How to write a good test case for Rasa chatbots?

Joanna Trojak
Photo by Nong Vang on Unsplash

ather around, my children, as I explain how to write a test case with Rasa framework. Last time I have described some methods of testing chatbots in Rasa framework. You can find the article here:

In the article, I have discussed testing stories, a method of testing dialogue flows. They are created like in Behaviour Driven Development. We describe the events we want to happen and check if they actually occurred.

Curesy of the author

This is the example of the story. The testing stories go to the directory called tests in the project folder. The test case consists of a descriptive name, in this case, “happy path 1”.

One of my university professors gave me the following advice, you should name your test cases indicating what the methods should return for instance shouldReturnTrue.

When we have created a perfect name for our test story, we have to create the dialogue flow with things the users say, the desired intent and action taken by the bot.

The previous example was simple and its purpose was to introduce the general steps of creating a test story in Rasa. Now to something more difficult and common.

Let us imagine we want to test a story for a restaurant recommendation bot. The user specifies the location and the type of cuisine he or she is interested in. Location and cuisine are entities because a user can provide many different locations or types of restaurants.

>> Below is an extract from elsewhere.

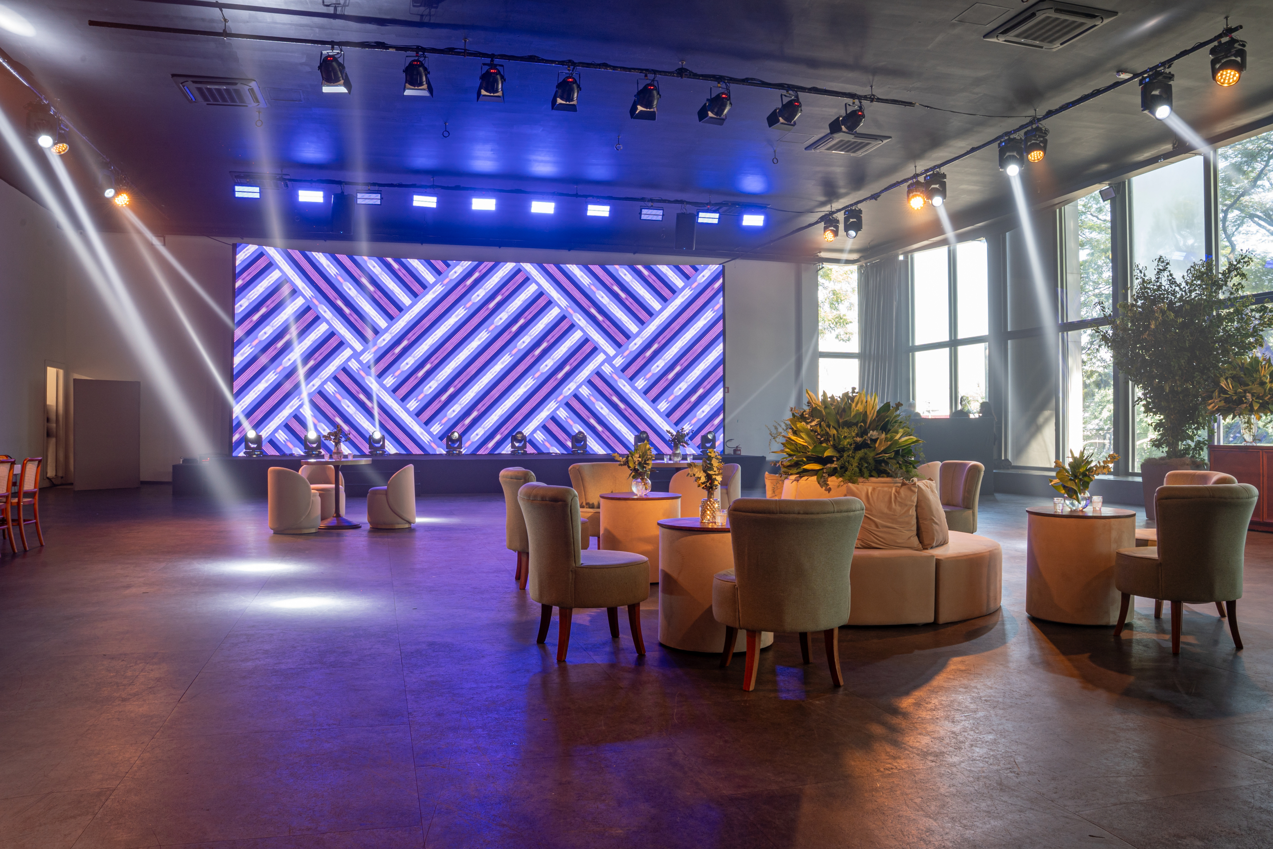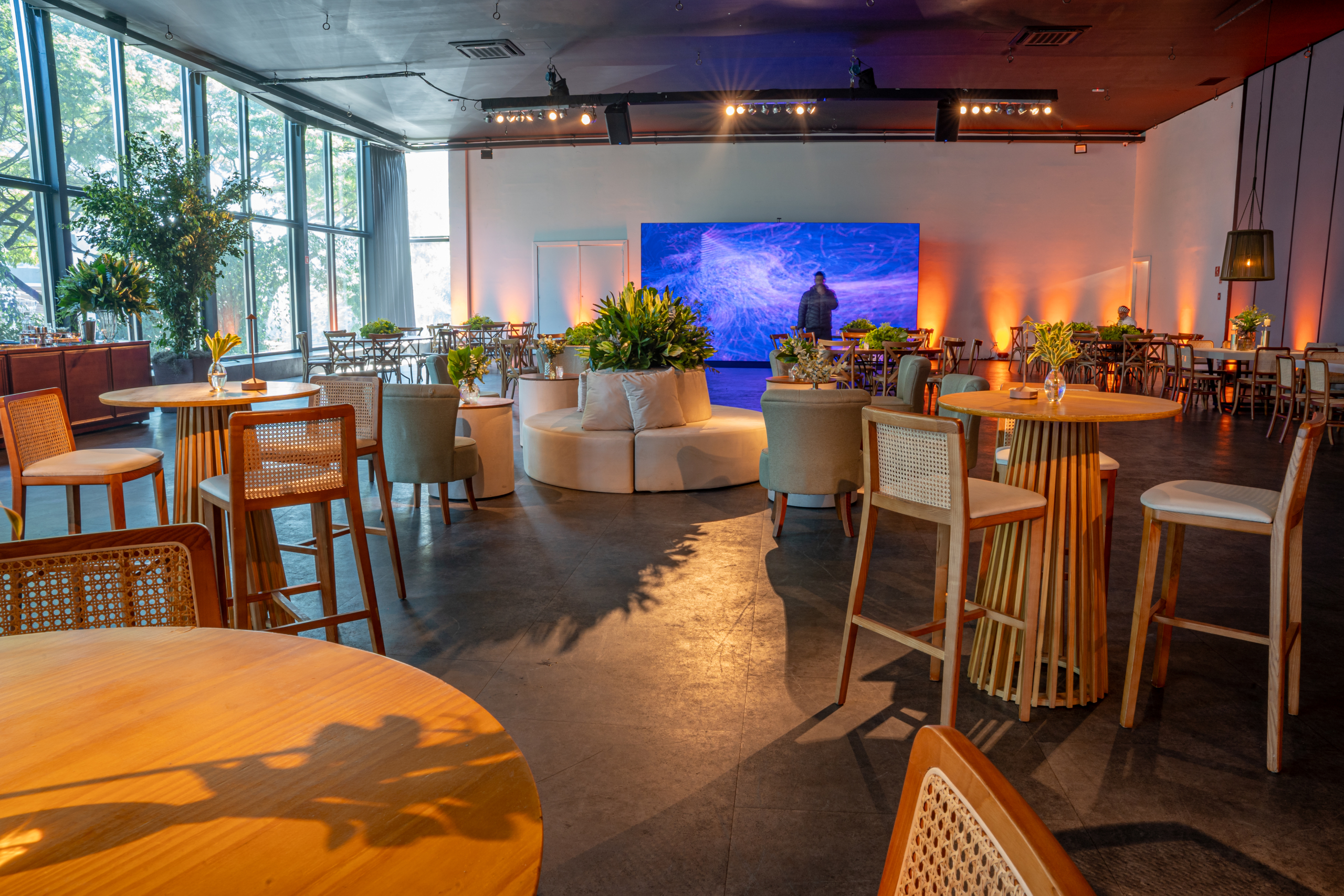 Projeto de audiovisual e cenografia para evento corporativo de apresentação de produto – Casa Bisutti UM Rooftop.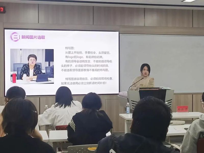 公管成人短视频 新汇宣发中心负责人张沁同学的分享主要有工作流程、推送规范、部门合作三个部分。她以新闻为例,讲述了新闻制作的工作流程、标题规范、排版规范、写作规范等内容。尤其是在新闻图片选取方面,张沁同学针对全景图、中景图以及特写图的摄取范围进行了详细的讲解,在座同学都受益匪浅。

Taken from Rasa documentation

To test it, we have to specify the entity, in this case, Chinese, and surround it with square braces. After that, we have to state which entity “Chinese” belongs to (in this case cuisine) and encompass it with curly braces.

We can also test custom actions. Custom actions are the extra things your chatbot can do, like checking your balance or querying a database or API. You can write a method that does all those things underneath the hood.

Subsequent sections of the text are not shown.